How the CEO and Their Team Prevent Harassment in Business and at Work

The most effective Harassment Prevention and Awareness training sessions that I’ve conducted include the CEO and their team – not just attending the training with all employees: also standing up and declaring their commitment to prevent and stop harassment – in the organization, and with respect to themselves as consistently refusing to engage in, permit, condone or ignore workplace harassment. Organizational leaders who walk the talk before, during and after the Harassment Prevention training sessions without exception, ensure that the respect and compliance messages in Harassment Prevention training are unilaterally understood and implemented.

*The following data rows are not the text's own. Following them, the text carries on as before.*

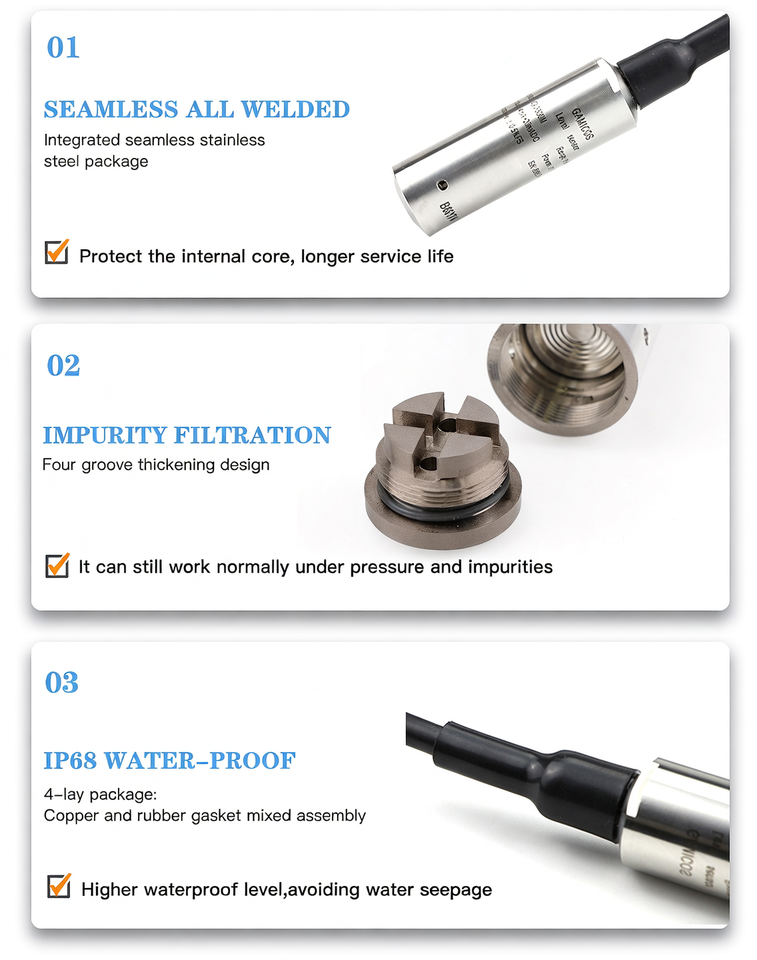 Nombre del producto:Sensor de Presión Sumergible Subacuático GLT500 4-20mA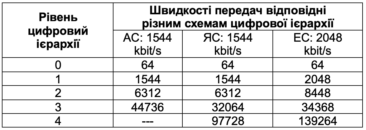 Зазначені ієрархії, відомі під загальною назвою цифрова плезіохронна ієрархія PDH, або ПЦІ, зведені в таблицю 1.
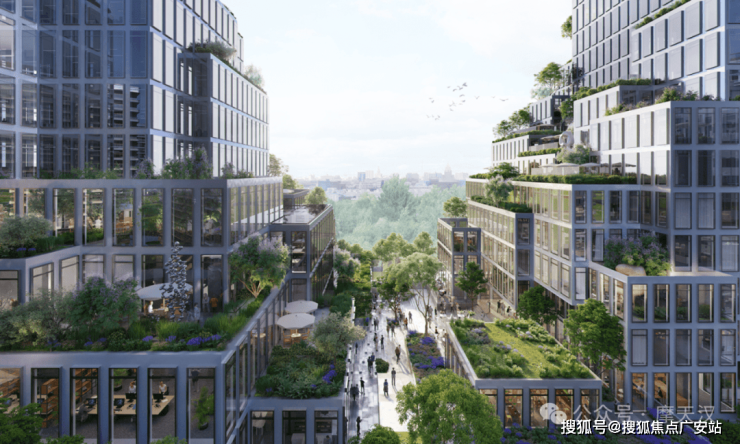 而塔楼之间在底层形成“城市峡谷”,这里是一个公共的开放式互动空间。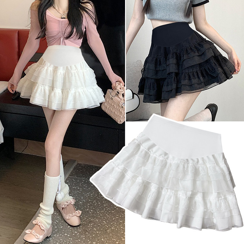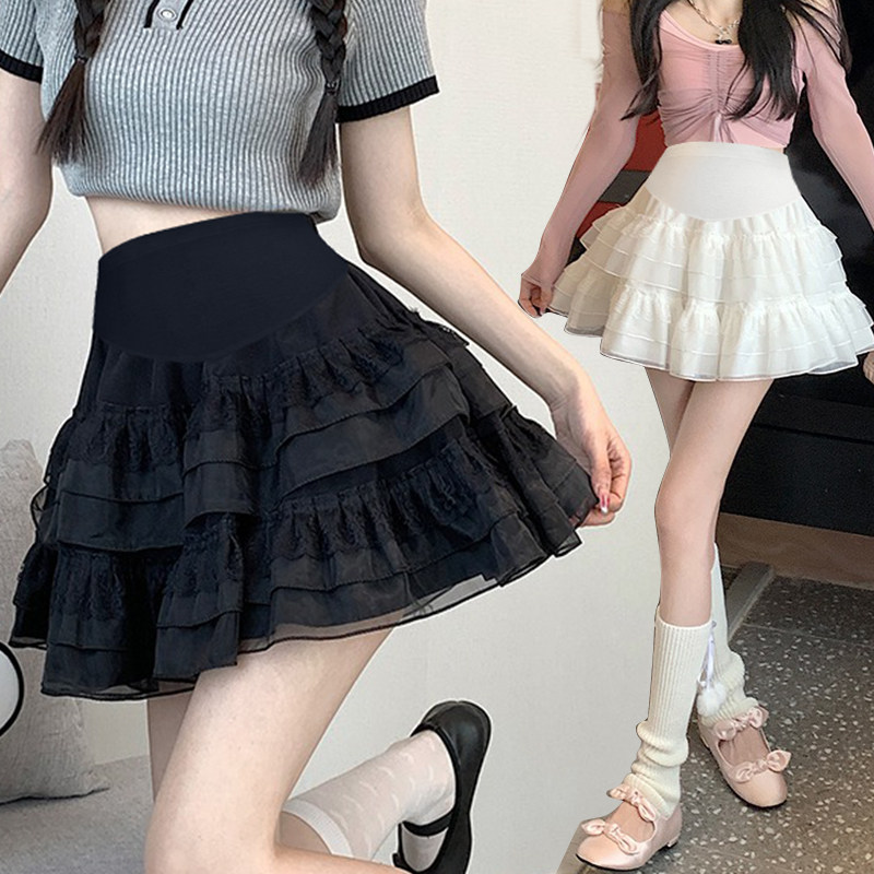 軽やかなシフォン素材を使用し、歩くたびにふんわりと揺れる立体的なフリルが可愛らしさを演出します。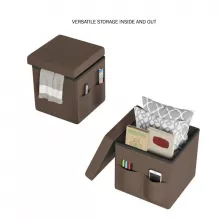 Constructed with durable MDF and covered in a stylish polyester and poly suede blend, these ottomans are built to last. The foam-padded lid ensures comfortable seating, while the foldable design allows for effortless setup and storage. With two exterior pockets, keeping your essentials organized and within reach has never been easier. From toys and magazines to remote controls, everything finds its place.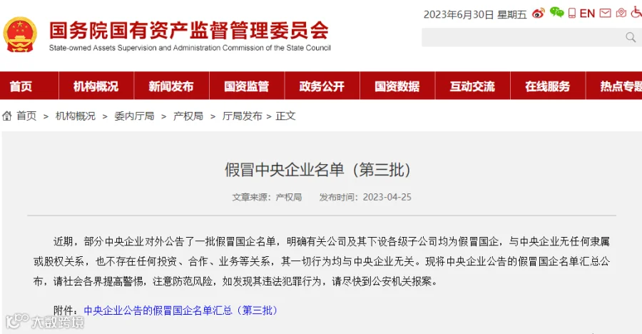 2023年4月26日,国务院国资委公示了第三批假冒中央企业名单。据了解,本次集中公示的假央企数量近300家。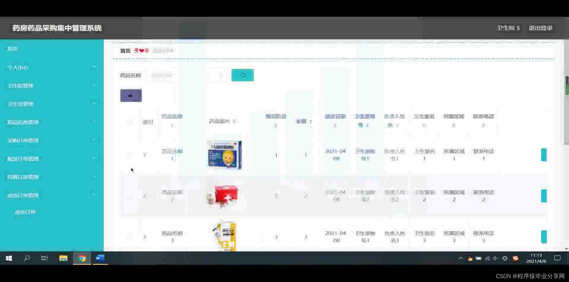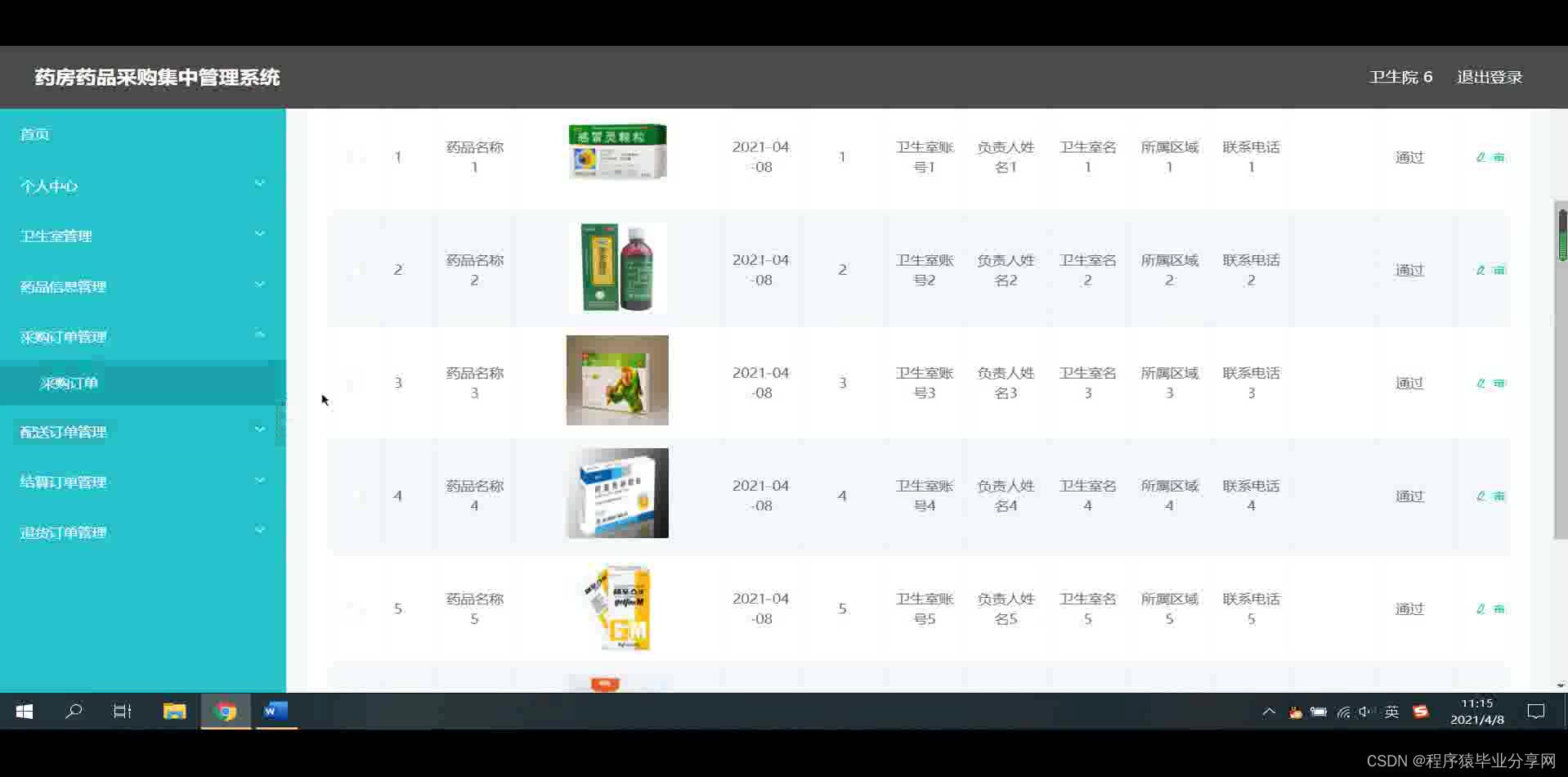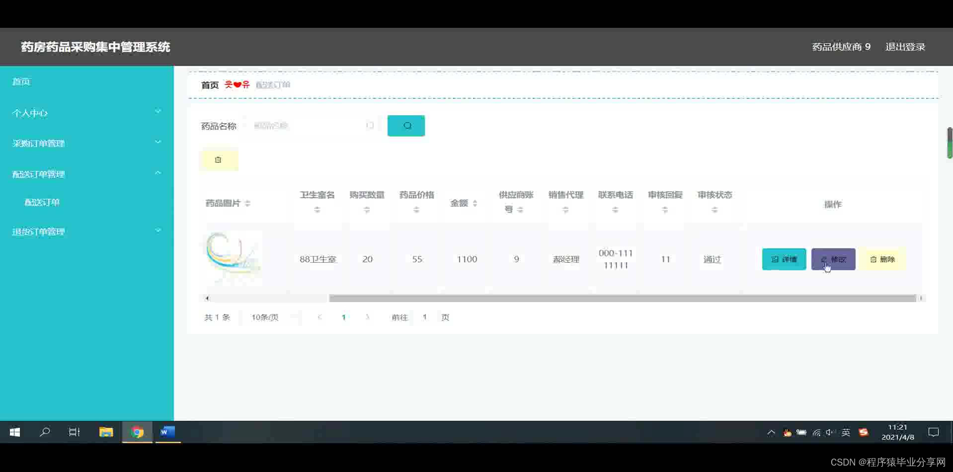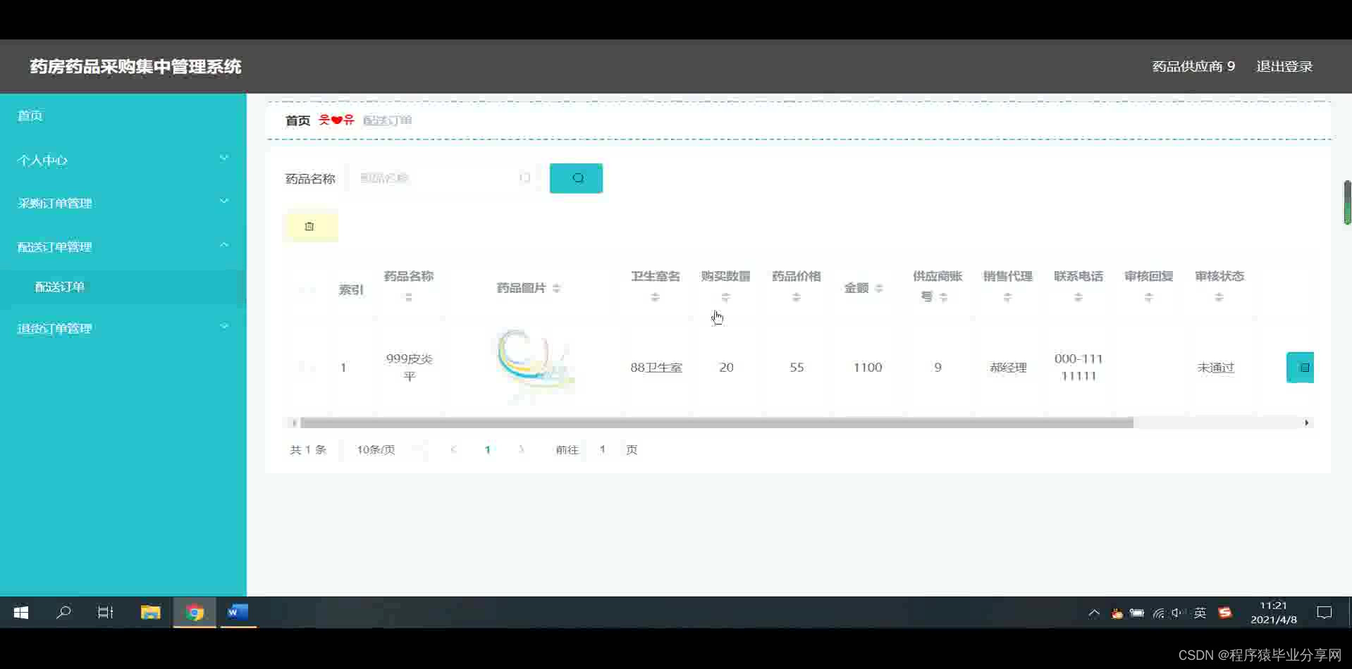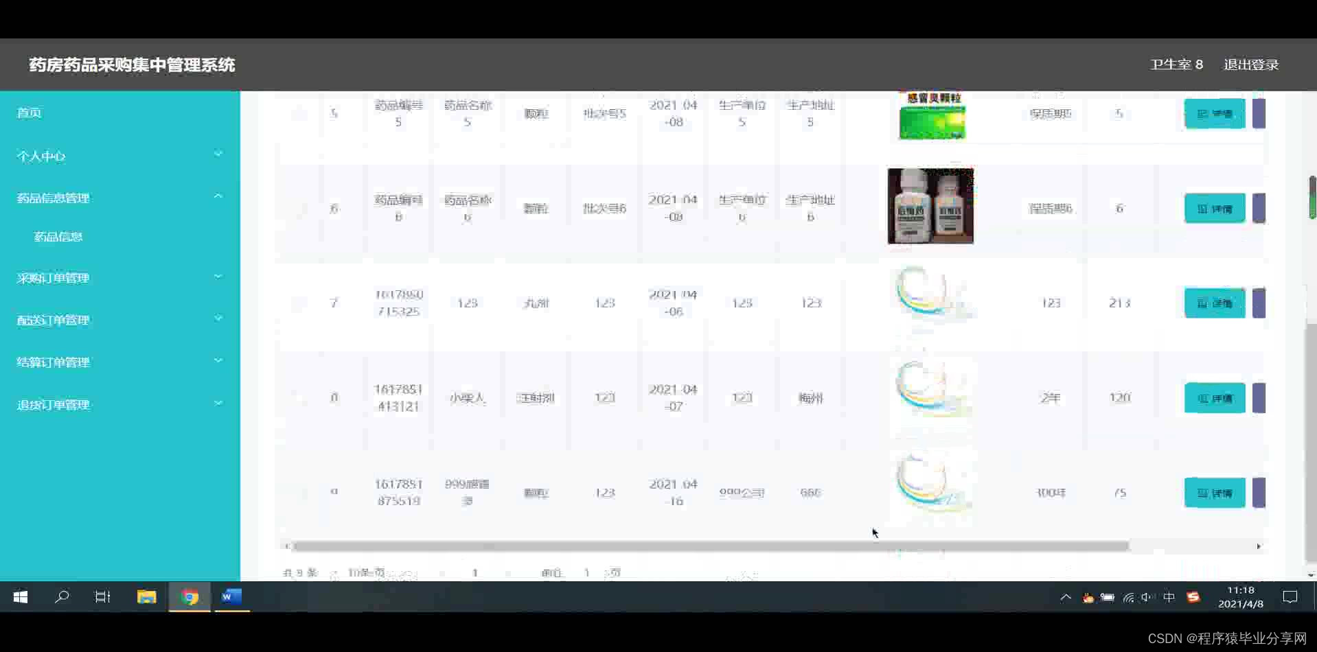 药房药品采购集中管理系统在Eclipse环境中,使用Java语言进行编码,使用Mysql创建数据表保存本系统产生的数据。系统可以提供信息显示和相应服务,系统可以实现采购订单管理,配送订单管理,结算订单管理,退货订单管理以及药品信息管理等功能。
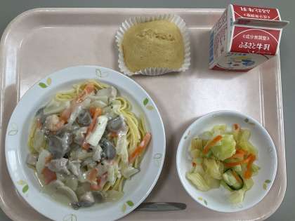 本日の献立 スパゲッティクリームソース 牛乳 野菜のレモンじょうゆかけ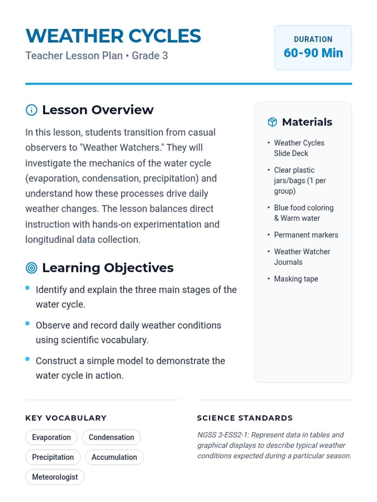 A comprehensive unit for 3rd graders to explore meteorology, seasonal shifts, and the water cycle through hands-on observation and scientific inquiry.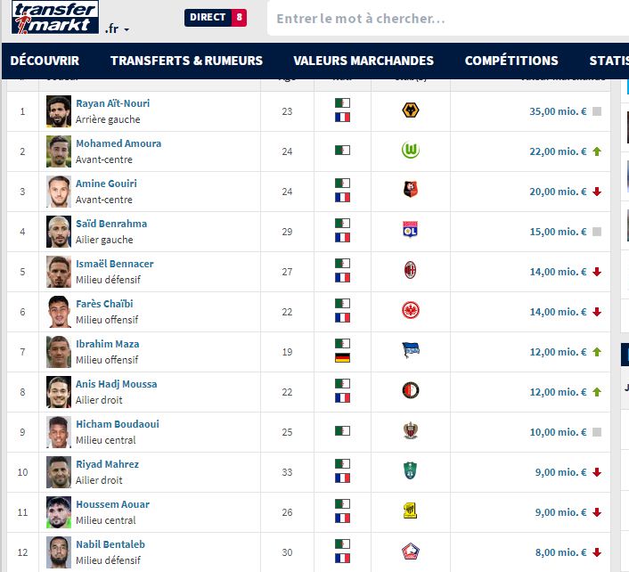 وبات بذلك، ابن مدينة جيجل، في المركز الثاني لأغلى لاعبي المنتخب. خلف المتصدر ريان آيت نوري، لاعب وولفرهامبتون الانجليزي، بـ 35 مليون أورو، ومتقدما على أمين غويري. لاعب نادي رين الفرنسي، بـ 2 مليون أورو.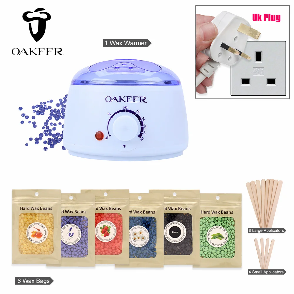 1 × Электрический горшок для подогрева воска (200 мл)6 × 50 г/1,8 oz твердый воск пакетов8 × большие деревянные аппликаторы4 × маленькие деревянные аппликаторы
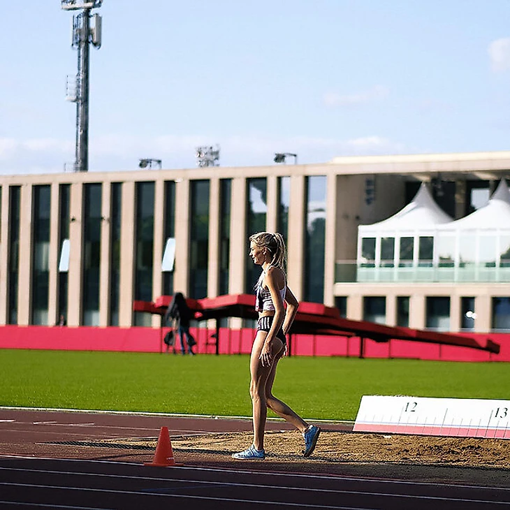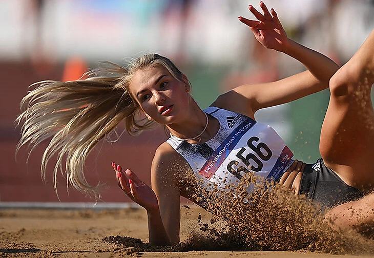 Специализация – тройной прыжок. По юниорам она выигрывала чемпионат Европы-2015, но сейчас показывает средние даже по внутренним меркам результаты. Что не мешает ей кайфовать от жизни и примагничивать внимание зрителей к сектору с песком.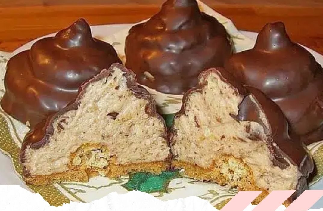 6- Marmelade glattrühren. Mürbeteigkreise mit Marmelade bestreichen. Jeweils 1–2 gehäufte EL Schoko-Biskuit-Creme daraufsetzen und mit Teelöffeln zu kleinen Bergen formen. Etwa 1 Stunde kaltstellen.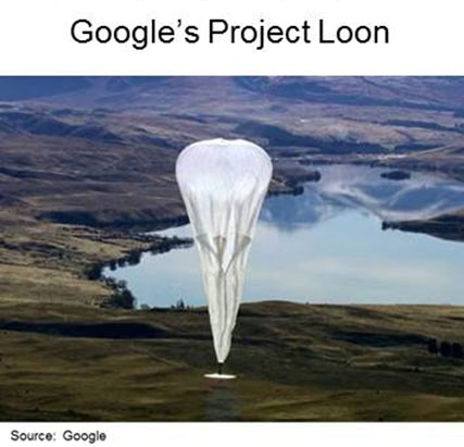 Project Loon is a global network of super-pressured, solar powered high-altitude balloons that act as floating cell towers, allowing local telecommunications companies to extend their coverage into areas that are currently unserved.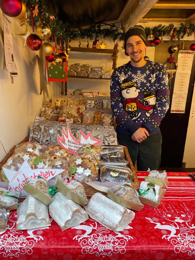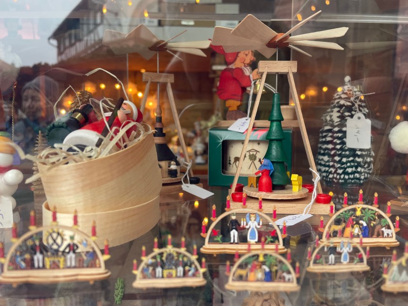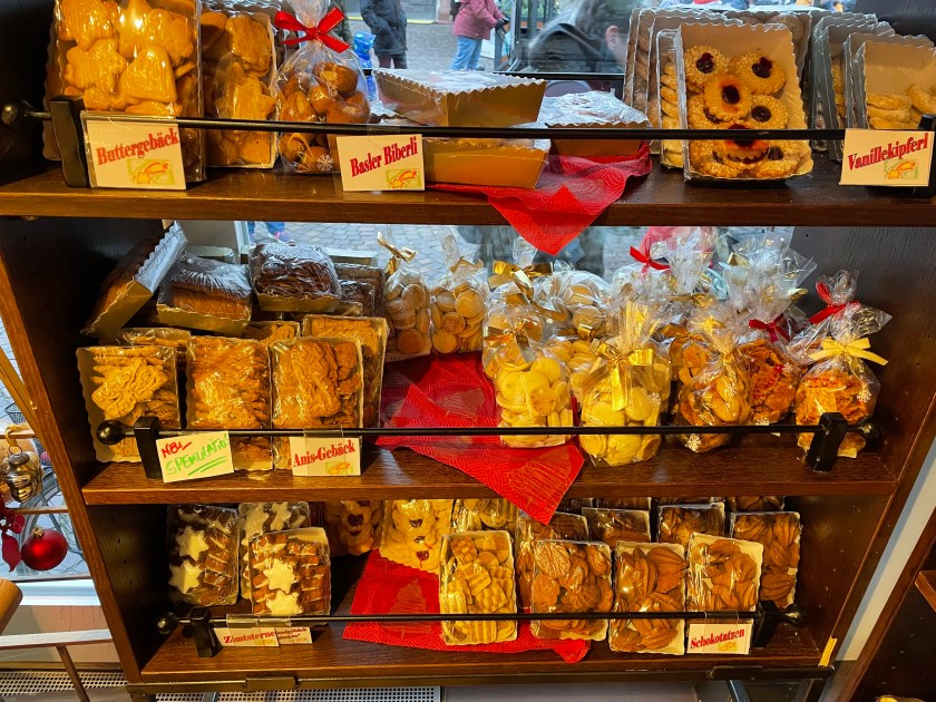 Seligenstadt (blessed city) is a friendly community, with cute local shops and vendors and ladies who baked their own cookies to sell. It was delightful. We enjoyed looking at each shop, watching people making special foods, and seeing lots of people from the town out enjoying the festivities. In addition to the market stalls, the local stores were also festive and open for business. I purchased a Spaetzle maker and some star cookie cutters at a wonderful kitchen store.

In a New York Times interview last week, Catharine MacKinnon, the lawyer who wrote “Sexual Harassment of Working Women” in 1979, which led to the 1986 Supreme Court unanimous ruling that sexual harassment is sex discrimination; and Gretchen Carlson, the former Fox News anchor whose harassment complaint against CEO Roger Ailes resulted in a $20 million settlement and a public apology from Fox News, bottom-lined the key role organization leaders play in the efficacy of Harassment Prevention training:

Catharine MacKinnon: I’ve seen leaders of companies go in front of their employees and say: “Listen, we’re here to work, not to cater to your social and sexual needs. If I hear you’re doing that, you’re out of here.” It’s pretty strong, but harassment doesn’t happen in those places. 

Gretchen Carlson:  She’s so right. Imagine if every leader of every company did it that way: “The buck stops with me.” And every manager — half of them women, hopefully — was there to hear it. All the enabling would stop.

Catharine MacKinnon: People can tell when you mean it. They really can.

How does your CEO and the rest of your Leadership Team walk the talk of preventing harassment themselves, in business and at work?